Available data —
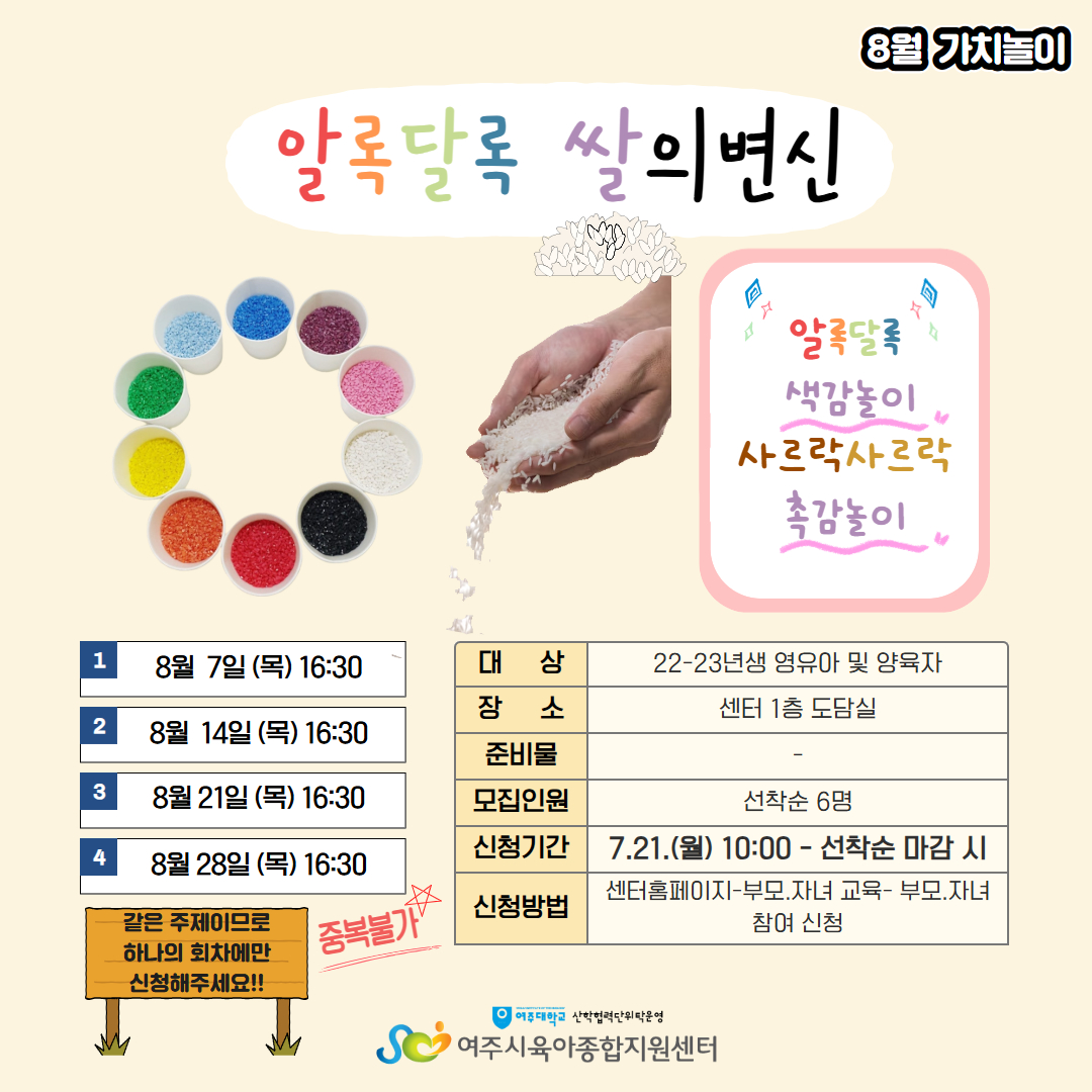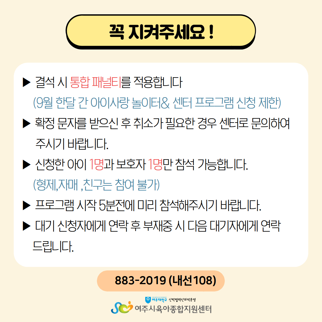 | ±âŸ»çÇ× | - ÁÖÂ÷ÀåÀÌ Çù¼ÒÇÏ¿À´Ï 5ºÐÀü±îÁö µµÂøÇÏ¿© Ȱµ¿ ½Ã°£¿¡ ´ÊÁö ¾Êµµ·Ï ÁÖÀǹٶø´Ï´Ù. - º» ÇÁ·Î±×·¥Àº ½ÅûÇÑ ¾ÆÀÌ1¸í°ú º¸È£ÀÚ 1Àθ¸ Âü¼®°¡´ÉÇÕ´Ï´Ù.(ÇüÁ¦,ÀڸŠÂü¿©ºÒ°¡) - ÇÁ·Î±×·¥ ´çÀÏ °á¼® ½Ã ÅëÇÕÆÐ³ÎÆ¼°¡ Àû¿ëµÇ´Ï À¯ÀÇÇØÁÖ¼¼¿ä (25³â 9¿ù ÇÑ´Þ °£ ¾ÆÀÌ»ç¶û ³îÀÌÅÍ& ¼¾ÅÍ ÇÁ·Î±×·¥ ½ÅûÁ¦ÇÑ) - °á¼® ½Ã Áõºù¼·ù¸¦ ²À ÁöÂüÇØ ÁÖ¼Å¾ß Çϸç Ãë¼Ò³ª °á¼®½Ã ´ã´çÀÚ¿¡°Ô ¿¬¶ôÁֽñ⠹ٶø´Ï´Ù. - ´ë±âÀÚ´Â ½Åû ¼øÀ¸·Î ¿¬¶ôµå¸®¸ç ºÎÀçÁß ½Ã ´ÙÀ½ ´ë±âÀÚ¿¡°Ô ¿¬¶ôµå¸³´Ï´Ù. - 1,2,3,4ȸ °°Àº ÁÖÁ¦·Î ÁøÇàµÇ¿À´Ï Áߺ¹ ½ÅûÀº ºÒ°¡ÇÕ´Ï´Ù. |
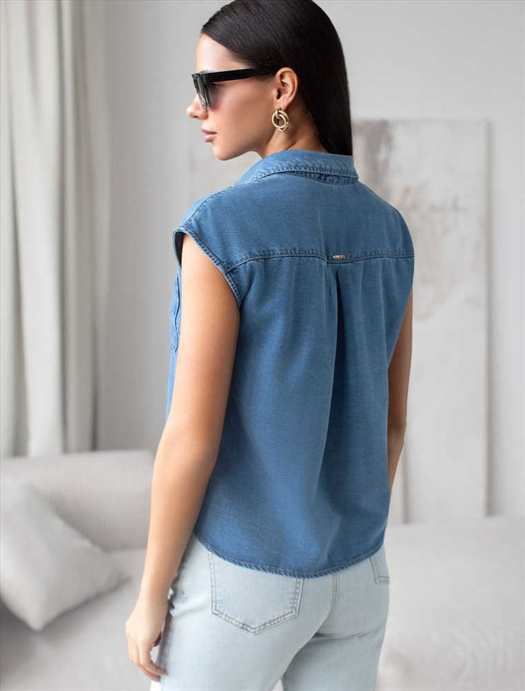 Укороченная блузка с коротким рукавом из джинсового лиоцелла 7 фото
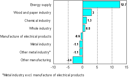 In September output increased most, or by as much as 32.4 per cent, in mining and quarrying. Energy production also went up by 12.7 per cent from the year before. In the wood and paper industry, output increased by 3 per cent and in the chemical industry by good one per cent. In contrast, output of electrical products decreased by just short of one per cent from last year's September. Compared to twelve months back, output fell by 3.4 per cent in other manufacturing and by 1.1 per cent in other metal industry.

Exercise description — Nothing but an exact copy of the data, without pictures, should be returned.

Task answer —
 | ±âŸ»çÇ× | - ÁÖÂ÷ÀåÀÌ Çù¼ÒÇÏ¿À´Ï 5ºÐÀü±îÁö µµÂøÇÏ¿© Ȱµ¿ ½Ã°£¿¡ ´ÊÁö ¾Êµµ·Ï ÁÖÀǹٶø´Ï´Ù. - º» ÇÁ·Î±×·¥Àº ½ÅûÇÑ ¾ÆÀÌ1¸í°ú º¸È£ÀÚ 1Àθ¸ Âü¼®°¡´ÉÇÕ´Ï´Ù.(ÇüÁ¦,ÀڸŠÂü¿©ºÒ°¡) - ÇÁ·Î±×·¥ ´çÀÏ °á¼® ½Ã ÅëÇÕÆÐ³ÎÆ¼°¡ Àû¿ëµÇ´Ï À¯ÀÇÇØÁÖ¼¼¿ä (25³â 9¿ù ÇÑ´Þ °£ ¾ÆÀÌ»ç¶û ³îÀÌÅÍ& ¼¾ÅÍ ÇÁ·Î±×·¥ ½ÅûÁ¦ÇÑ) - °á¼® ½Ã Áõºù¼·ù¸¦ ²À ÁöÂüÇØ ÁÖ¼Å¾ß Çϸç Ãë¼Ò³ª °á¼®½Ã ´ã´çÀÚ¿¡°Ô ¿¬¶ôÁֽñ⠹ٶø´Ï´Ù. - ´ë±âÀÚ´Â ½Åû ¼øÀ¸·Î ¿¬¶ôµå¸®¸ç ºÎÀçÁß ½Ã ´ÙÀ½ ´ë±âÀÚ¿¡°Ô ¿¬¶ôµå¸³´Ï´Ù. - 1,2,3,4ȸ °°Àº ÁÖÁ¦·Î ÁøÇàµÇ¿À´Ï Áߺ¹ ½ÅûÀº ºÒ°¡ÇÕ´Ï´Ù. |
 Укороченная блузка с коротким рукавом из джинсового лиоцелла 7 фото
 In September output increased most, or by as much as 32.4 per cent, in mining and quarrying. Energy production also went up by 12.7 per cent from the year before. In the wood and paper industry, output increased by 3 per cent and in the chemical industry by good one per cent. In contrast, output of electrical products decreased by just short of one per cent from last year's September. Compared to twelve months back, output fell by 3.4 per cent in other manufacturing and by 1.1 per cent in other metal industry.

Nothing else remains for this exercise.